These are the subdirectories of the
$MESHRDF_HOME directory, which typically (but not necessarily)
is set to some separate location:
- data - Source MeSH XML files. These files are moderately large, and change often, so they are not part of the repository, but should be downloaded separately, as described above.
- out - Product RDF files, in n-triples format. The conversion scripts write these product files here. Copies of the data files may also appear here.
Here are some notes for downloading and building OpenLink's Virtuoso software, which can be used for querying the resulting RDF. These notes are here for reference only, in case they are helpful.

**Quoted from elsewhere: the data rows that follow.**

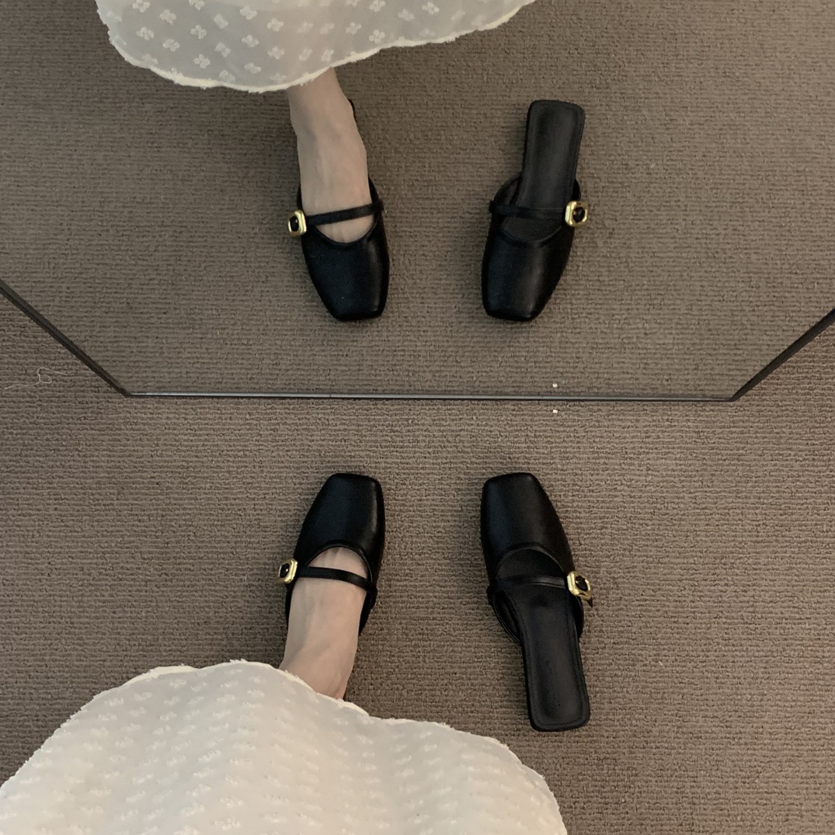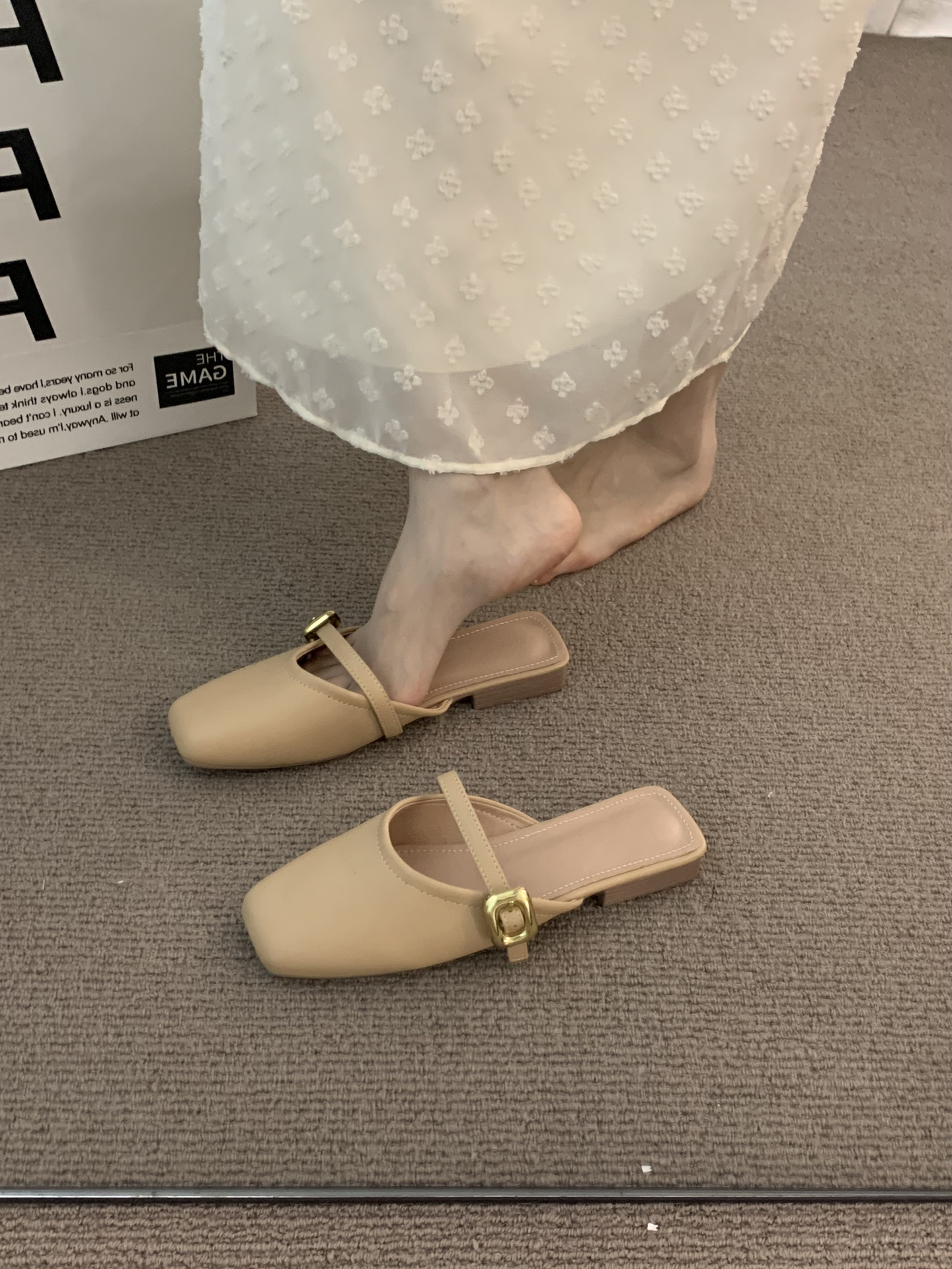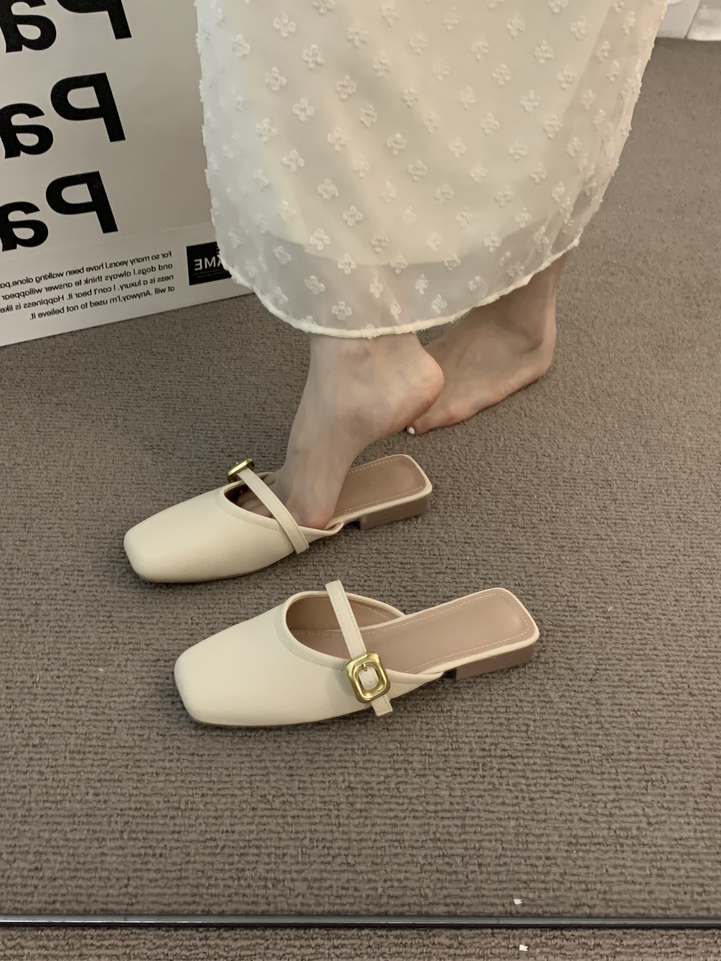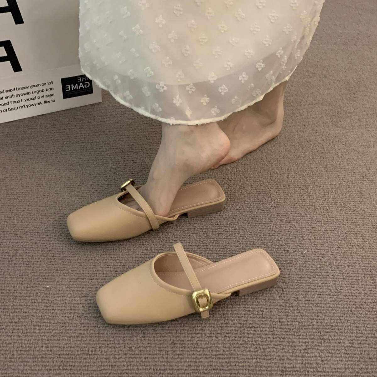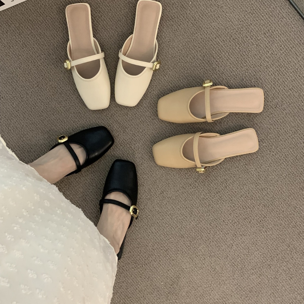 包头半拖鞋女夏外穿软底新款韩版法式晚风气质玛丽珍单鞋粗跟凉拖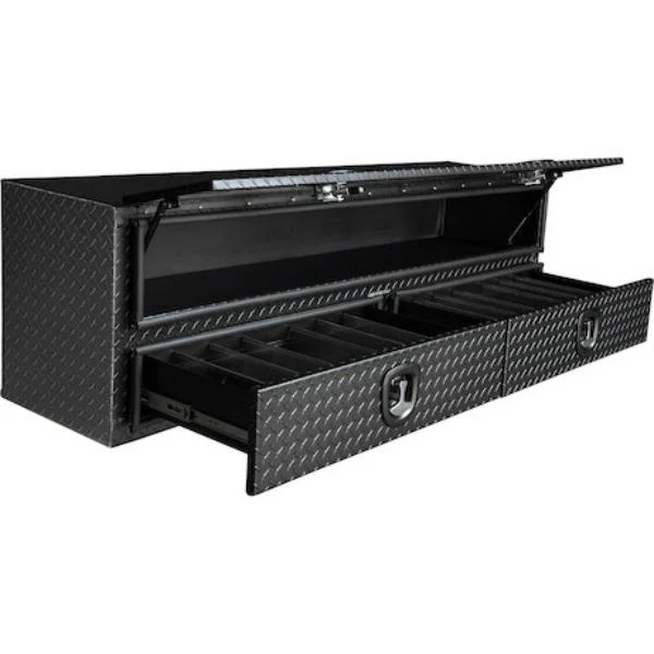 Buyers Products 72 Inch Matte Black Diamond Tread Aluminum Contractor Top Mount Truck Box With Drawers 1722678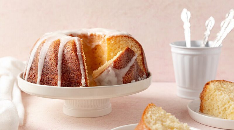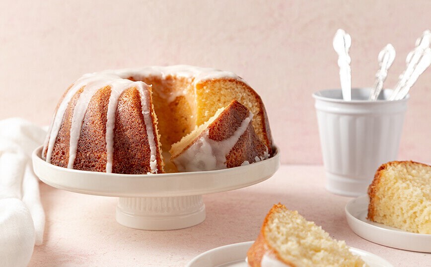 Για να φτιάξετε το γλάσο, χτυπήστε ελαφρά το γάλα και τη ζάχαρη άχνη μαζί. Λιώστε τη σοκολάτα σε ένα μπολ στο φούρνο μικροκυμάτων για 1 λεπτό. Αφήστε να κρυώσει λίγο και μετά προσθέστε στο μείγμα του γάλακτος. Ανακατέψτε και ρίξτε με το κουτάλι το γλάσο πάνω από το κέικ.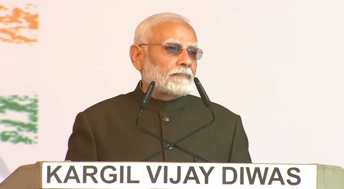 पीएम मोदी ने कहा कि मेरा सौभाग्य है कि कारगिल युद्ध के समय मैं एक सामान्य देशवासी के रूप में अपने सैनिकों के बीच था। आज जब मैं फिर कारगिल की धरती पर हूं, तो स्वाभाविक है कि वो स्मृतियां मेरे मन में ताजा हो गई हैं। उन्होंने आगे कहा कि आज लद्दाख की ये महान धरती कारगिल विजय के 25 वर्ष पूरे होने की साक्षी बन रही है। कारगिल विजय दिवस हमें बताता है कि राष्ट्र के लिए दिए गए बलिदान अमर होते हैं।

If these don't work for you, please direct questions to the OpenLink group.
Dependencies: gcc, gmake, autoconf, automake, libtool, flex, bison, gperf, gawk, m4, make, openssl-devel, readline-devel, wget.
Decide on a directory where you will install virtuoso, and set the $VIRTUOSO_HOME environment variable to point to that.
Checkout source from github:
git clone https://github.com/openlink/virtuoso-opensource.git cd virtuoso-opensource git checkout develop/7 # should say already on develop/7
./autogen.sh CFLAGS="-O2 -m64" export CFLAGS ./configure --prefix=$VIRTUOSO_HOME --with-readline make make install
Start up of server:
cd $VIRTUOSO_HOME/virtuoso/var/lib/virtuoso/db $VIRTUOSO_HOME/bin/virtuoso-t
Shutdown of server (see the Virtuoso documentation):
kill -s SIGTERM `cut -d= -f2 $VIRTUOSO_HOME/virtuoso/var/lib/virtuoso/db/virtuoso.lck`